このため、フラグメント化はパケットロスに弱いという問題があります。

IPv6におけるフラグメント化

IPv6では途中ルーターはフラグメント化しない

IPv6では、IPv4とは考え方が異なります。

IPv6では、途中のルーターはパケットをフラグメント化しません。

必要な場合は、送信元ホストがFragment Headerを使ってフラグメント化します。

項目 IPv4 IPv6
途中ルーターによるフラグメント化 あり得る しない
フラグメント化する主体 送信元またはルーター 送信元のみ
再構成する主体 受信先ホスト 受信先ホスト
MTU超過時の扱い DFなしなら分割され得る ルーターはPacket Too Bigを返す

IPv6では最小MTU 1280バイトが重要

IPv6では、最小MTUとして 1280バイト が重要です。

IPv6の各リンクは、少なくとも1280バイトのIPv6パケットを配送できることが前提とされています。

そのため、IPv6では送信元が経路上のMTUを考慮し、必要に応じて送信サイズを調整します。

Packet Too Bigメッセージ

IPv6でパケットが大きすぎて通過できない場合、ルーターはそのパケットを破棄し、送信元へ ICMPv6 Packet Too Big メッセージを返します。

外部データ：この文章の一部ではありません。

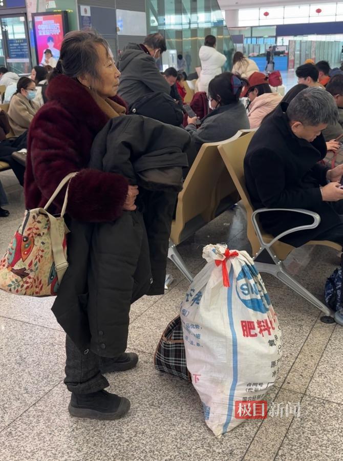 极目新闻记者在人群中注意到一对年近七旬的老人,他们手中各提着一个鼓鼓的编织袋和布包,正四处张望,寻找检票口。记者上前询问得知,他们刚从湖南坐了四五个小时火车抵达南昌,还要转车前往吉安的女儿女婿家过年。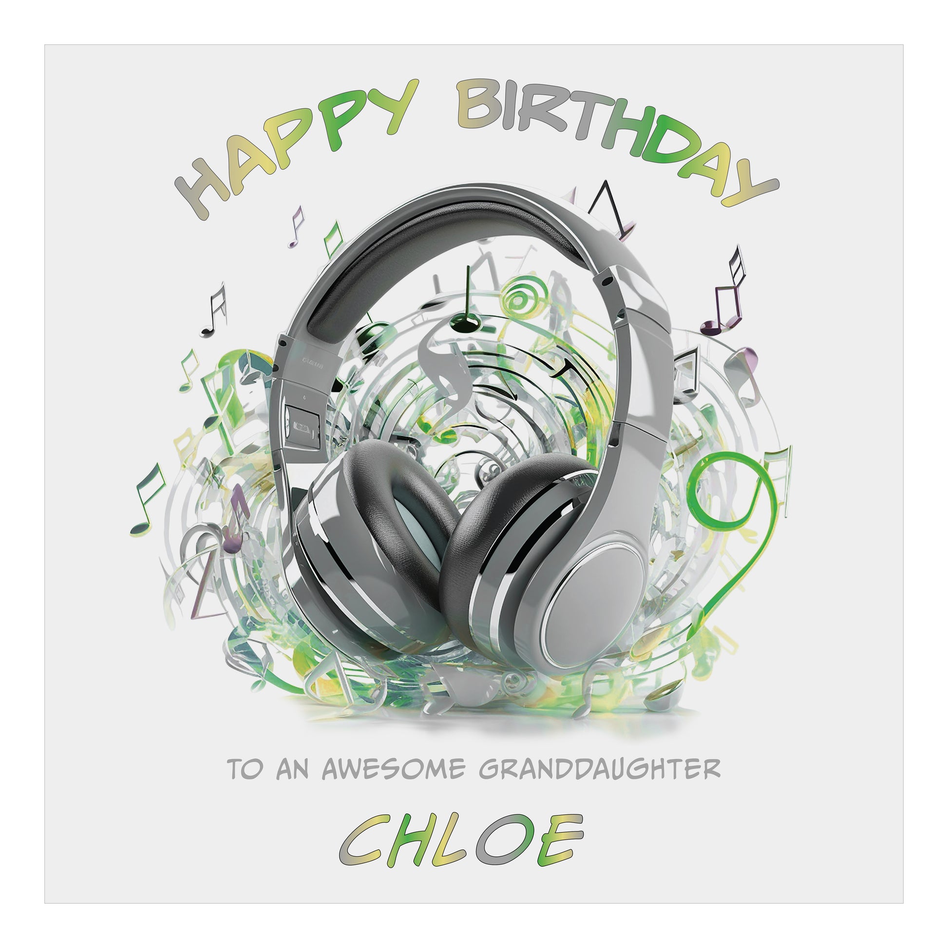The design features a "Headphones" Design in carefully chosen colours. Your Personalised Text will be printed on the front design, a White Paper Insert then adds to the premium feel and leaves space for the option of either a Personalised Printed Message Inside or alternatively leave it Blank for a sentimental handwritten message.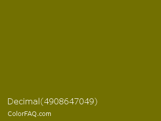 Decimal 4908647049 Color is a dark yellow color and the nearest color is Bronze Yellow #737000. Hex code #727001 and RGB value is rgb(114,112,1). In RGB color space, this color is composed of 45% red, 44% green, 0% blue, In CMYK color space, this color is composed of 0% cyan, 2% magenta, 99% yellow , 55% black , In HSL color space, this color has a hue angle of 59° , 98% saturation and 23% lightness.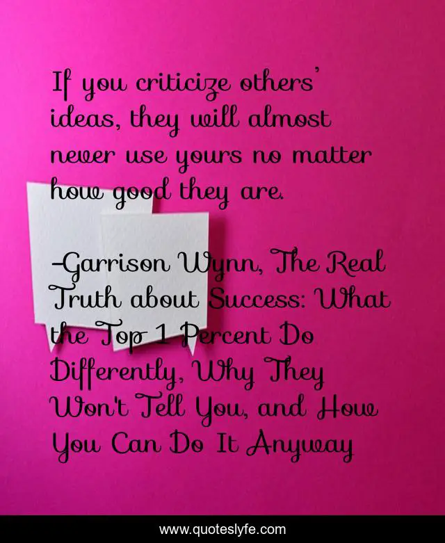 "Garrison Wynn, The Real Truth about Success: What the Top 1 Percent Do Differently, Why They Won't Tell You, and How You Can Do It Anyway Quotes." Quoteslyfe.com, 2025. Sun. 07 Dec. 2025. <https://www.quoteslyfe.com/quote/If-you-criticize-others-ideas-they-will-185466>.

送信元はこのメッセージをもとに、より小さいサイズでパケットを送るように調整します。

Path MTU Discoveryとは

経路上で通過できる最大サイズを調べる仕組み

Path MTU Discovery は、通信経路全体で通過できる最大パケットサイズを調べる仕組みです。

通信経路には、複数のネットワークが含まれることがあります。

送信元
  ↓ MTU 1500
ルーターA
  ↓ MTU 1400
ルーターB
  ↓ MTU 1280
受信先

この場合、経路全体で安全に通過できる最大サイズは1280バイトです。

Path MTU Discoveryを使うことで、送信元は経路上の最小MTUに合わせてパケットサイズを調整できます。

IPv4でのPath MTU Discovery

IPv4では、DFフラグを立てたパケットを送信します。

途中のルーターでMTUを超える場合、そのルーターはパケットを破棄し、送信元へICMPエラーを返します。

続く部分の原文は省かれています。